Yu et al. used ten pairs of primers to amplify the complete mt genome of C. hongkongensis (p. 11). We carefully studied the positions of each primer and located them in our mt genome sequences of C. hongkongensis (Figure 1). It occurred to us that Yu et al. might have failed to amplify the gene block of K1-C-Q1-rrnL5'-N-rrnS2 because some of their primers were placed in a duplicated region. As shown in Figure 1, primer pair 1* is located in gene cob and rrnS1 (or rrnS2), primer pair 2* is completely located within the duplicated gene rrnS (rrnS1 or/and rrnS2), and primer pair 3* is located in rrnS2 (or rrnS1) and atp6 (primer pairs 1*, 2* and 3* correspond to the third, the fourth and the fifth primer pairs in Yu et al.' paper, Table 4).
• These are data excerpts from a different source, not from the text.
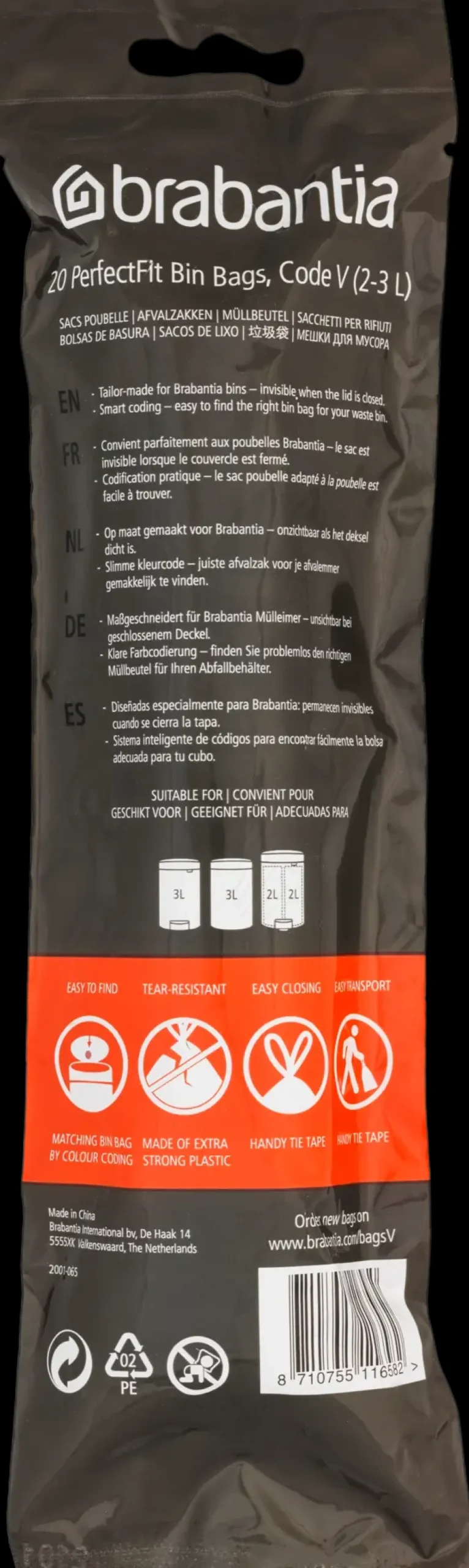 Erinomainen ulkoasu, täydellinen sopivuus. Brabantia PerfectFit -roskapussit sopivat täydellisesti Brabantia-roska-astiaasi ja kiireiseen elämääsi. Siksi ne ovat erittäin vahvoja ja niissä on kätevä lenkki, jolla suljet pussin! Vedä vain siitä irrottaaksesi pussin roskakorista ja sulje se. Etkö ole varma, mitä kokoa tarvitset? Tarkista vain roskakorin kannen sisäpuolella oleva värikoodi. Erinomaiset roskapussit, jotka sopivat Brabantia-roska-astiaan täydellisesti.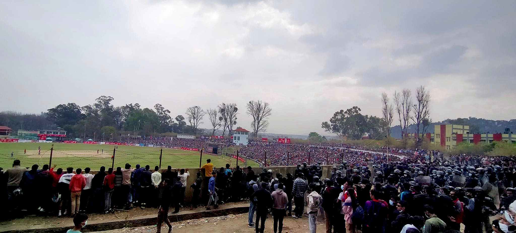 ओपनर आसिफ शेख तेस्रो बलमै विकेटकिपर अश्वन्त वल्थापाबाट शून्यमा स्टम्पिङ आउट भए । कुशल मल्ल जुनैद सिद्दिकको बलमा आर्यन लाक्राबाट ५ रनमा क्याच आउट भए । चोभार एण्ड तर्फ आयनको बलमा सट खेलेका कप्तान रोहित पौडेल मोहम्मद वासिमबाट १६ रनमा क्याच आउट भए । वासिमले मिडअनमा उत्कृष्ट क्याच लिएका थिए ।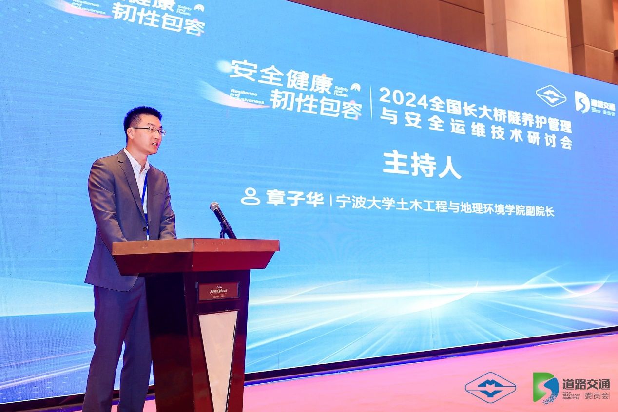 2024年10月11日,2024全国长大桥隧养护管理与安全运维技术研讨会在宁波阳光豪生酒店隆重举行。本次大会由茅以升科技教育基金会道路交通委员会、宁波市公路学会主办,亚洲AV 参与承办,本次研讨会以“安全健康、韧性包容”为主题,旨在推动我国长大桥隧在养护管理与安全运维方面取得新的进展,为交通领域、基础设施领域的安全、健康、韧性发展做出新的更大贡献。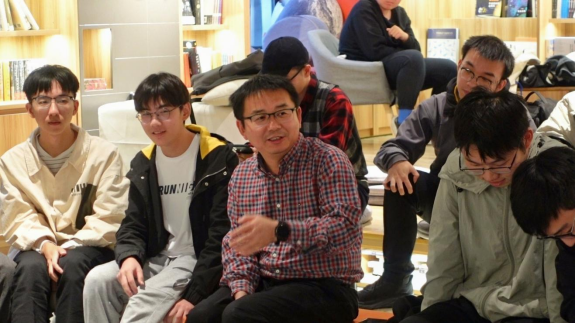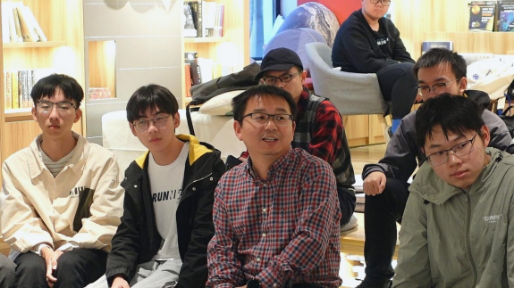 严建兵与同学们并坐,认真听取同学们的分享,不时给予肯定和追问,启迪大家思考;并饶有兴致地与同学们分享自己读书的心得与感悟。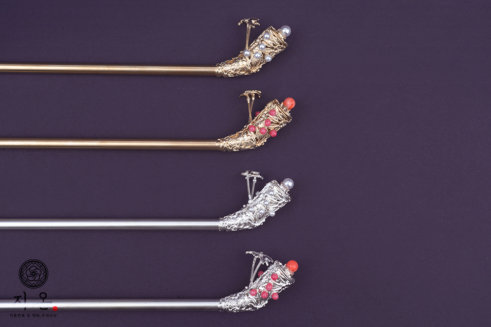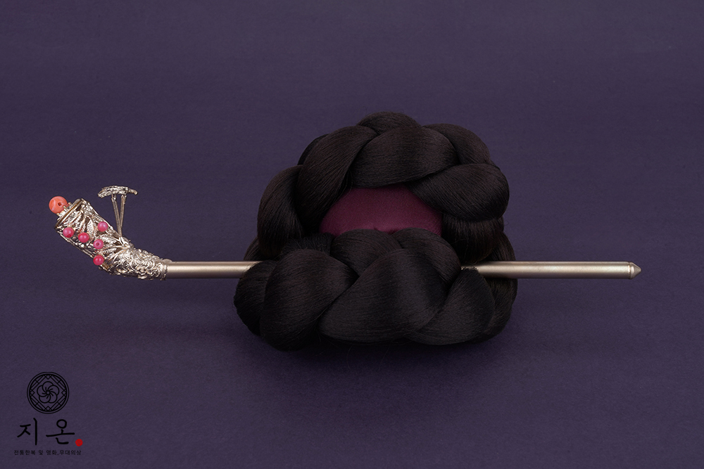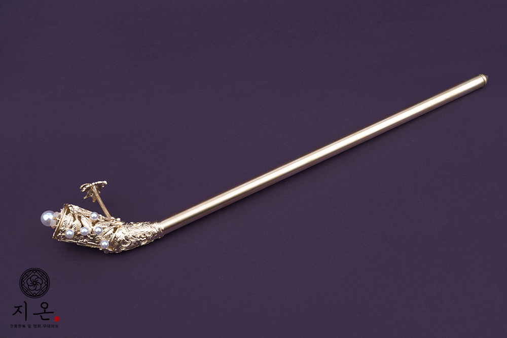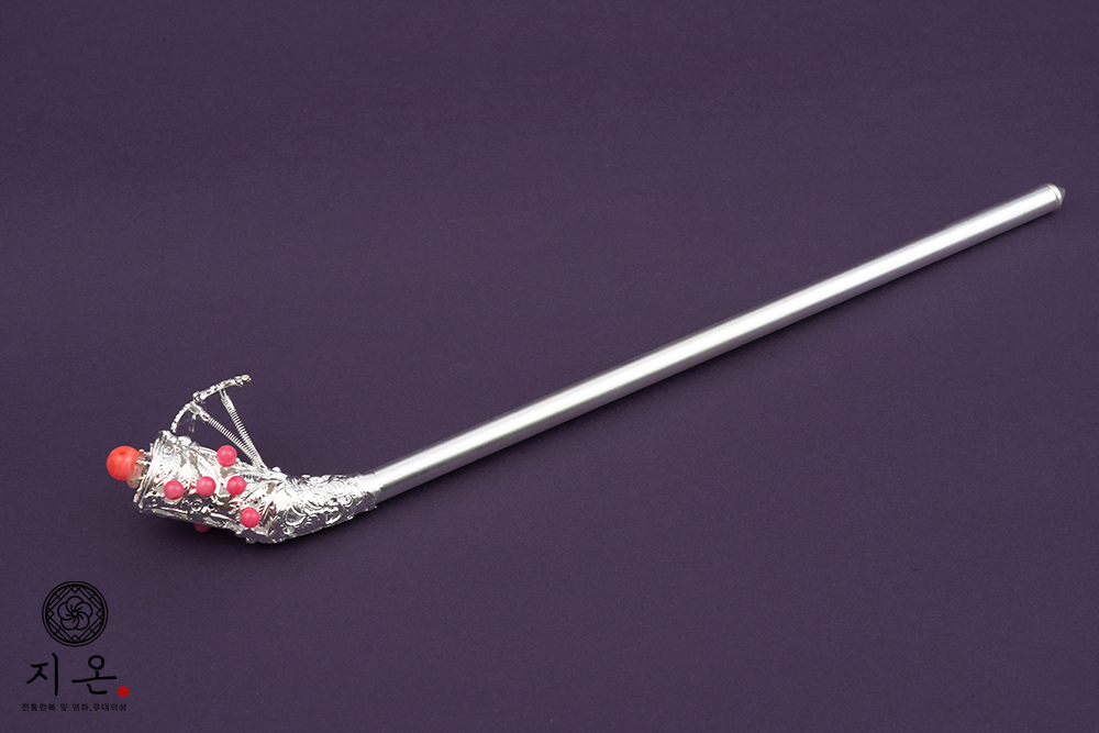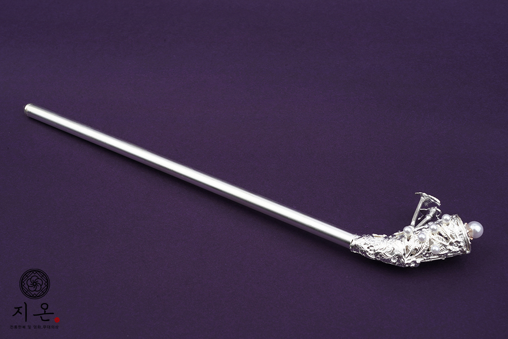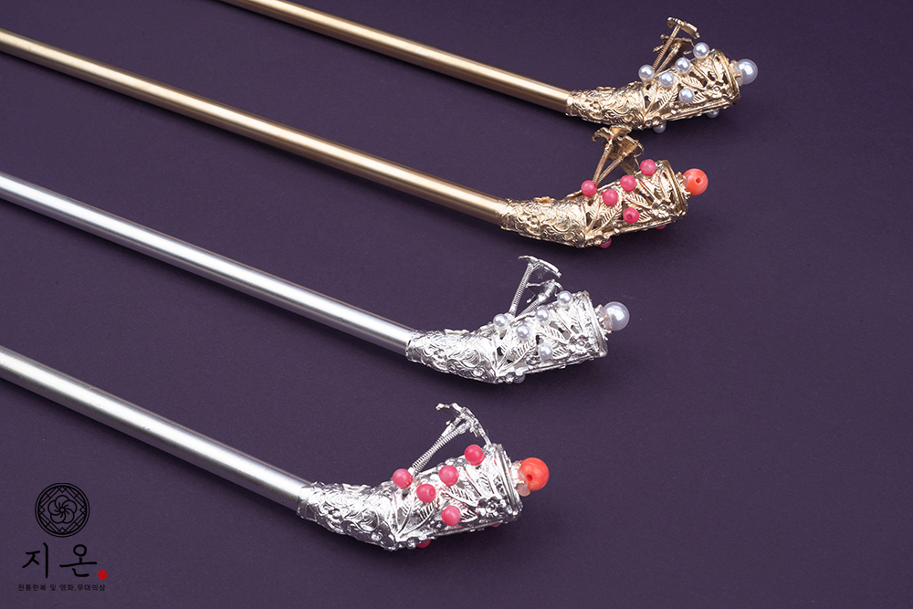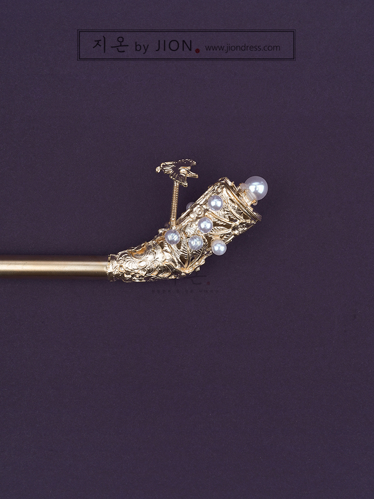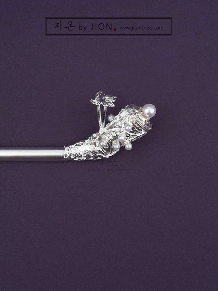 은은하게 빛을 발하는 비녀 몸체에 포인트 진주와 산호가 돋보이는 전통 비녀입니다.

Because these three primer pairs are either completely or partially (one of the two primers) located in the duplicated gene rrnS1 and rrnS2, they should theoretically amplify two fragments of different length, but in reality the smaller fragment may be preferentially amplified and sequenced. The length of shortest PCR products expected from the three primer pairs was 2,470 bp, 824 bp and 1,016 bp, respectively (Table 4). Primer pair 2* was completely located in the duplicated gene rrnS (rrnS1 or rrnS2); thus they may directly concatenate the sequence between the duplicated gene and artificially lose the gene block of K1-C-Q1-rrnL5'-N-rrnS2 (Figure 1). The block, 2,147 bp, may be too large to be amplified under competition with a smaller fragment.
Table 4.
Order | Primer name | Sequence (5'-3') | Length | position | Product size (bp) |
1* | HK-4343F | TTAGAGTTCCGTTTCACCCG | 20 | 4343 | 2470, 4617 |
HK-6812R | CTTTCGCTTCAATTTAGTTAGT | 22 | 6812, 8959 | ||
2* | HK-6569F | GGTTCTGGTATAATGTTAGCT | 21 | 6569, 8716 | 824, 2971 |
HK-7392R | ATTACTCTCTTTTTACTCCC | 20 | 7392, 9539 | ||
3* | HK-9412F | CTAGGTCAGGTCGAAGTGCT | 20 | 7265, 9412 | 1016, 3163 |
HK-10427R | AGAGCACAGGTGTTGGGTGA | 20 | 10427 | ||
4 | HK-5807F | GTCTCATAATCCGAAAGTGGTT | 22 | 5807 | 2658 |
HK-8464R | CTTATACTTGGGCTACTTTCTT | 22 | 8464 | ||
5 | HK-8138F | GGTGCTCACTAAATCAGTATGT | 22 | 8138 | 1905 |
HK-10043R | ATGAAGATAGTGACGGAAACCC | 22 | 10043 |
*Primer pairs from Yu et al. (2008). Because one or both of the primers are located in the duplicated rrnS gene, two fragments are expected but only the shorter one is actually amplified.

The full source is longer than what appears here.